Wednesday, April 18, 2012

Review- Cabin Fever

Allow me to defend this film from a sea of harsh criticisms.

It can't decide whether it wants to be a horror movie or a comedy. As a comedy, it's freaking hilarious. As a horror movie, it's gross, unpredictable, and squirm-inducing. I'm not going to praise a movie for succeeding in what it tried to do. I mean, the Saw films are supposed to gross you out, and they do. Does that mean they are good movies? No. But Cabin Fever should at least warrant some praise for delivering both genuine laughs and scares.

It tackles too much at once, i.e. political, social, and biological overtones. Sure, Cabin Fever can be a little ambitious at times, but it is never boring. I always feel that great movies can be discussed for more than a couple of hours, and my friends and I have discussed this film for many-a-conversation. Don't think of it as cramming, think of it as layering. The film can be analyzed from many different viewpoints, and, most importantly, it never feels overwhelming. However, take a film like Batman Begins, which takes on too much at once, or The Strangers, which would've functioned better as a short. And although Cabin Fever isn't perfect by any means, to say that it's too ambitious would be to criticize practically every first film by a great director. I think Eli Roth will come up with more than a few masterpieces in the future.

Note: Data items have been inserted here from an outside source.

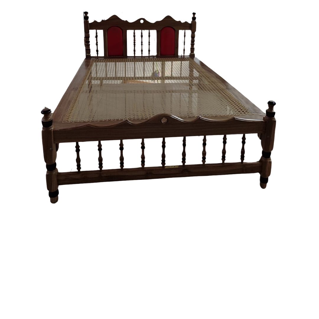 Cama de madera Mauro enjuncada con respaldo tapizado.
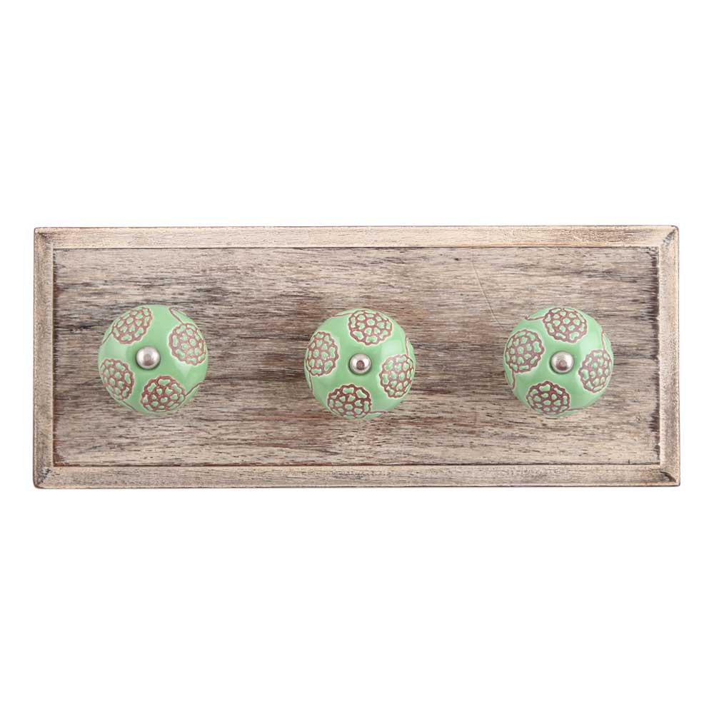 Pea Green Marigold Etched Ceramic Wooden Hook. A Perfect Complement to the Soft Tone of the Wood are these White Traditional Hat Coat Hook Made of Genuine Porcelain and Brass. It can be use to Hang Jewellery, Leashes, Towels, Scarves, Light Weight Sweaters, Caps Etc.
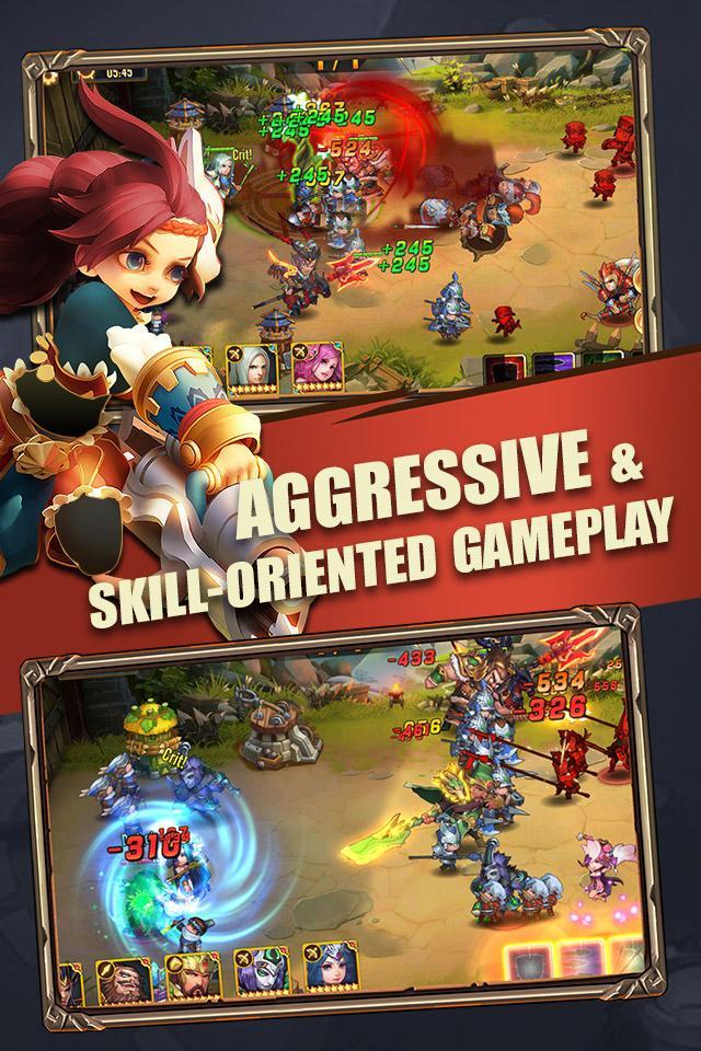 - รับสมัครและอัพเกรดฮีโร่ด้วยทักษะและความสามารถที่เป็นเอกลักษณ์
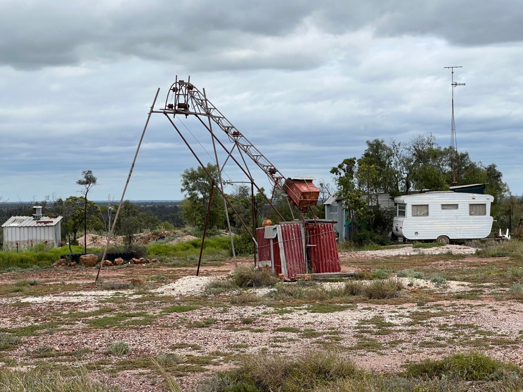 Lightning Ridge is a quirky place. The township is surrounded by opal mining activities, largely conducted by sole or family operators. Not something for large scale company outfits. The miners tend to live on their claim in what can best be described as shanty type accomodation. Old caravans and tin sheds, containers. Yesterdays ‘Tiny Houses’ that are currently the vogue among some! There are a few more substantial shacks made of local rock. Old equipment lies around rusting, old cars seem to have been left where they have stopped. Some of the miners come to their claims to mine during the winter months, gets very hot here in summer.
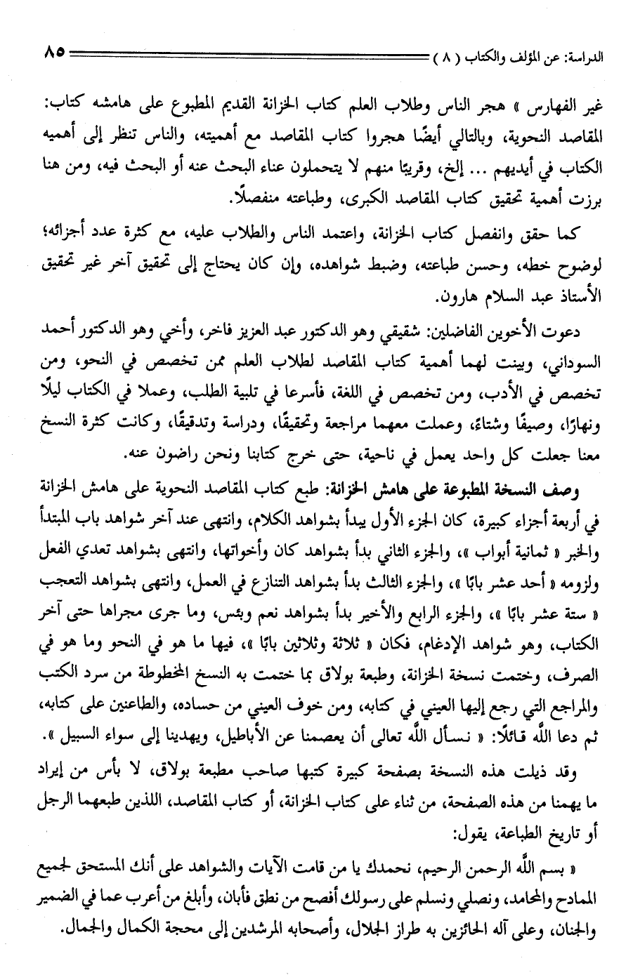 كما حقق وانفصل كتاب الخزانة، واعتمد النَّاس والطلاب عليه، مع كثرة عدد أجزائه؛ لوضوح خطه، وحسن طباعته، وضبط شواهده، وإن كان يحتاج إلى تحقيق آخر غير تحقيق الأستاذ عبد السَّلام هارون.
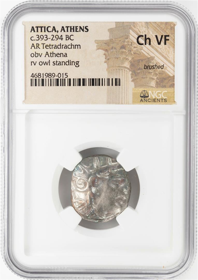 One 393-294 BC Attica Athens AR Tetradrachm Athena Owl Coin NGC CH VF. NGC Certified.
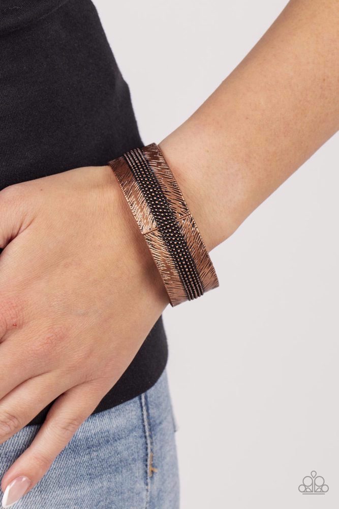 A thick band of copper is etched in feathery texture, creating a tactile statement piece that boldly wraps around the wrist. Rows of antiqued copper studs travel around the center of the thick copper band, adding eye-catching dimension and grit to the design. Features a hinged closure.
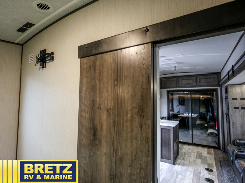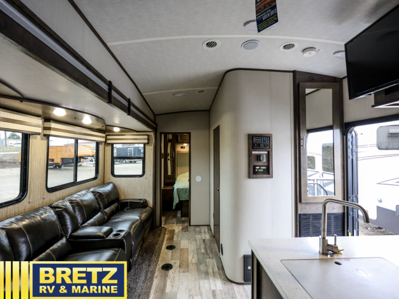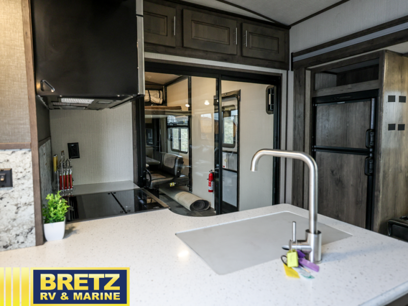 This Torque toy hauler is completely accessible with two entry doors. With a 12' 6" separate garage for your toys, you can choose to store them while you are parked or unload them and use the space for the electric queen bunk and dual opposing sofas below which will allow you to sleep six people. With this toy hauler, there is nothing stopping you from partying outside every night. Grab some folding chairs and an ice cold beverage and head to the raised patio where you can gather together underneath the 19' electric awning that will protect you from any rain drops that may come your way.
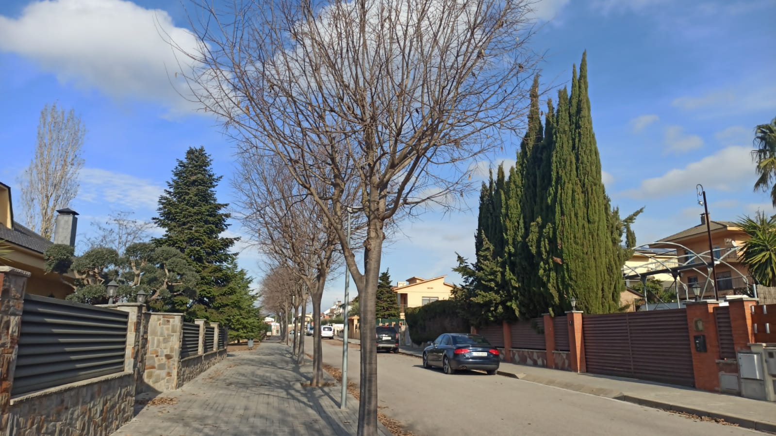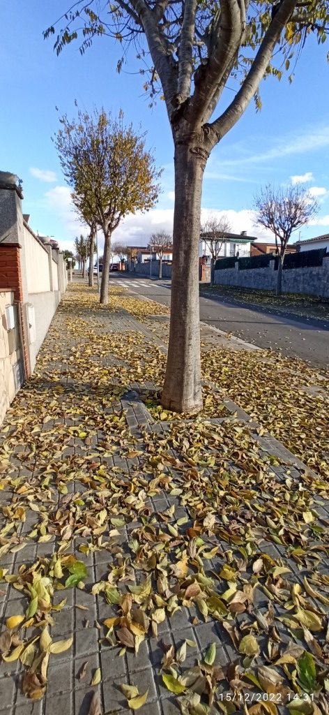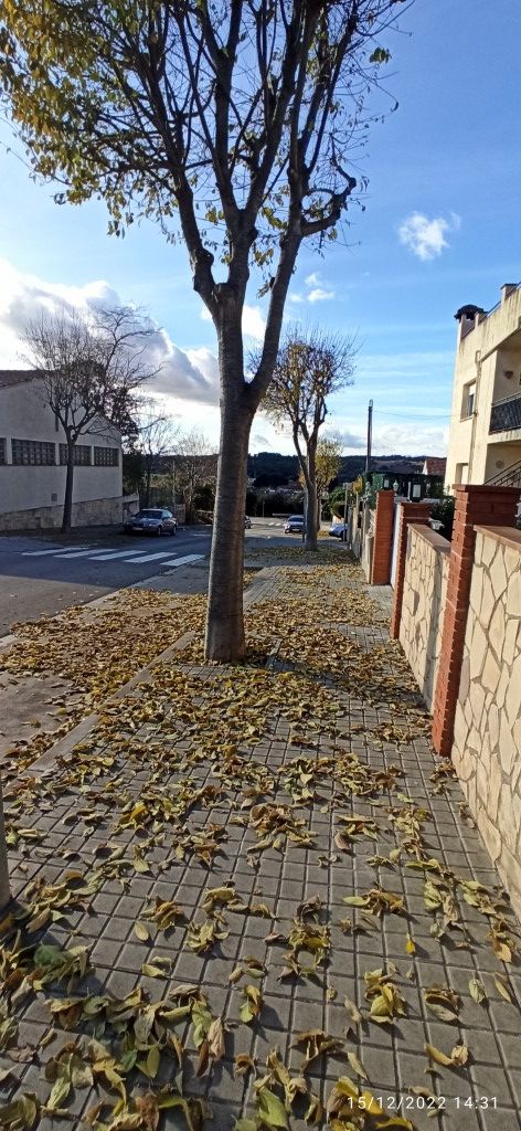 La setmana passada es va fer la poda de l'arbrat de la urbanització de Can Maiol. Hem recollit la inquietud del veïnat, perquè creiem que és una poda insuficient. Evidentment no som esperts en jardineria per saber els motius d'una poda tan pobra, però com podeu veure a les fotos, fetes després de la poda, només s'han tallat les branques baixes quedant tota la copa plena de branques i fulles, que en poc temps han caigut a terra i van tornar a omplir els carrers de fullaraca. Una de les reinvicacions és que les branques no entrin a les finques particulars i amb aquest poda tan pobre a la primavera les tenim a dins.
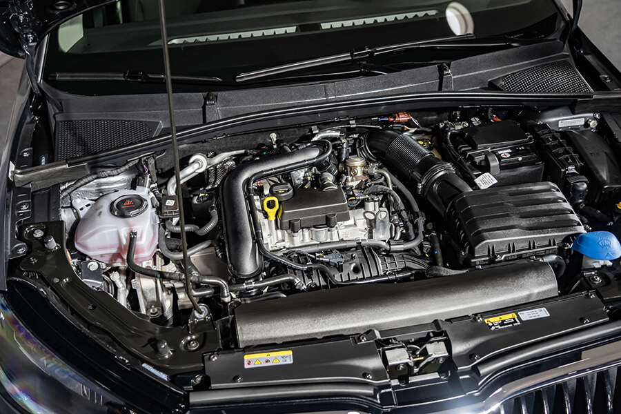 入門首選的1.0 TSI直列三缸引擎具備110匹馬力、20.4公斤米的最大扭力,在七速DSG雙離合器自手排變速箱的輔助下,擁有0~100km/h加速所需時間9.6 秒、極速205km/h的表現;且在米勒循環以及渦輪增壓可變幾何的助陣下,讓這款車可以有效提升三缸引擎的穩定。
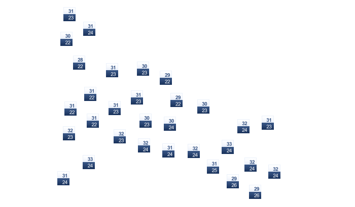 | 34 | 36 | 36 | 34 | 33 | 31 | 29 | 29 | 30 | 31 | 34 | 34 |
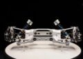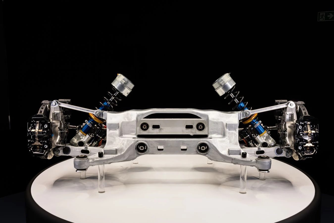 That low-slung balance comes from the battery’s full integration into the chassis. Ferrari has actually designed it as a structural element, not a separate slab as in most high-performance EVs, using die-cast compression plates that also serve as mounting points. 15 modules house 210 high-density cells (305 Wh/kg, 159 Ah), arranged for minimal inertia and maximum safety. A single fuse can isolate 2,000 A in three milliseconds if something goes wrong. You can even remove and service the battery on a carrier-proof Ferrari. Another significant development is Ferrari’s first-ever rear sub-frame.
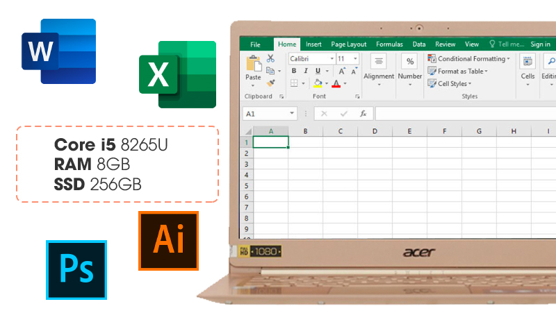 Bộ xử lý Intel Core i5 thế hệ thứ 8 xử lý tốt các ứng dụng văn phòng. RAM 8 GB hỗ trợ các ứng dụng phục vụ tốt nhất cho công việc của bạn như thiết kế ảnh 2D với Photoshop hay Corel,... tuy nhiên đối với ứng dụng Ai thì có thể máy sẽ xảy ra hiện tượng đứng hoặc lag.
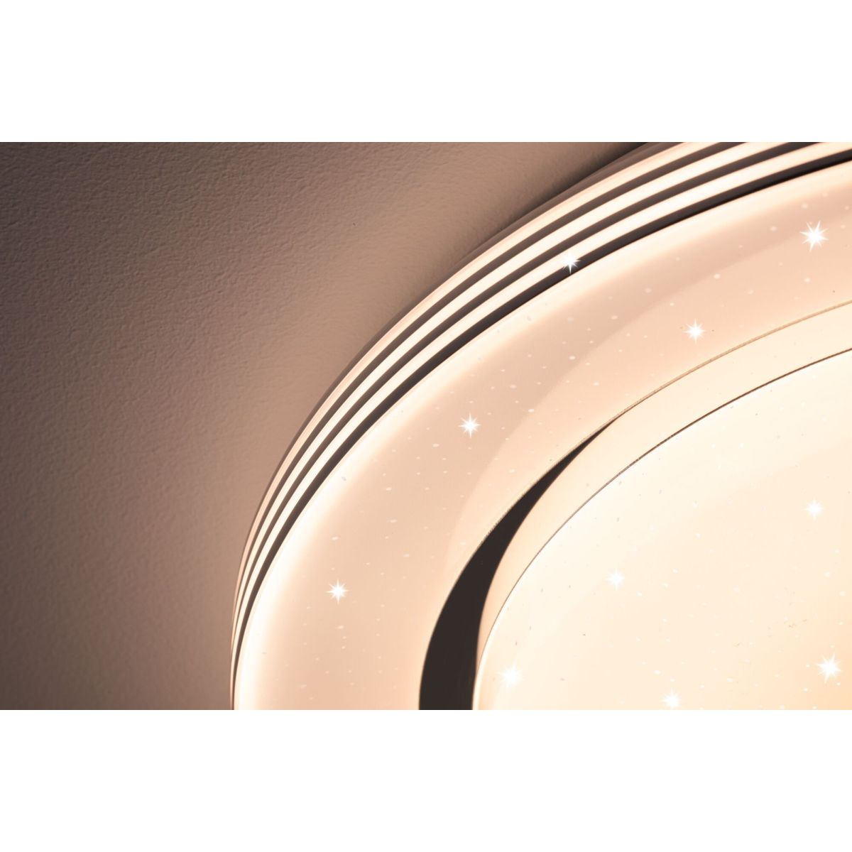 A fényerőszabályozható lámpa alkalmas világos általános világításként vagy színes fókuszpontként a nappaliban. A csillagos égbolt különleges, érdekes fényhatásokat biztosít. A fény színe a Tunable White funkcióval szabadon állítható: a munkához szükséges fehér nappali fénytől a pihenéshez szükséges meleg fehér fényig. A szivárvány funkciónak köszönhetően a lámpa színt visz minden nappaliba, és a hangulatnak megfelelően egyedileg beállítható. Legyen szó dinamikus vagy statikus RGB-fényről, a különböző fényhangulatok a mellékelt infravörös távirányítóval egyszerűen szabályozhatók és tompíthatók. Éjszakára az éjszakai fény 5%-os fényerővel állítható be.

The acting sucks. For crying out loud, its an b-movie homage! Whether or not the bad acting is intentional or not doesn't detract from the atmosphere. You really get the feeling that you are watching a film from the 80s or early 70s.


The characters are unlikeable. Okay, so, you're right, this isn't a Tarantino or Coen or Allen film. You don't fall in love with the characters, nor do you need to. I didn't have too much of a problem with anyone. I was surprised that I started liking Brent, who initially seems to be the jackass of the group. Rider Strong's character isn't bad either, and I don't have a hardtime at all relating to him. The only problem I could see was with Jordan Ladd's part, but she exits from focus after a while.

WTF is up with the Kung-Fu Pancakes scene? I don't know. And I don't really care. I thought it was really funny, and it seems to me to be an homage to films with unexplainable moments such as the popcorn scene in Troll 2, the bear-costume scene in The Shining (which is referenced later in Cabin Fever with the guy in the bunny suit), the deer-head scene in Evil Dead 2, the zombie vs. shark scene in Zombi 2, the tunnel scene in Willy Wonka and the Chocolate Factory, the candy-bar-ax scene in Friday the 13th Part IV, or the Kung-Fu scene from Pieces. So it's weird. Why have audiences gotten so nit-picky?

I love the film. Paired with The Devil's Rejects, Trick'r'Treat, Slither, and Shaun of the Dead, I may even consider it to be one of my favorites of the '00s. All I can say to audiences is, quit band-wagoning. I think that Alien was a little overpraised and Halloween III: Season of the Witch was destroyed because audiences can't form their own opinions and have to turn to critics for the answer.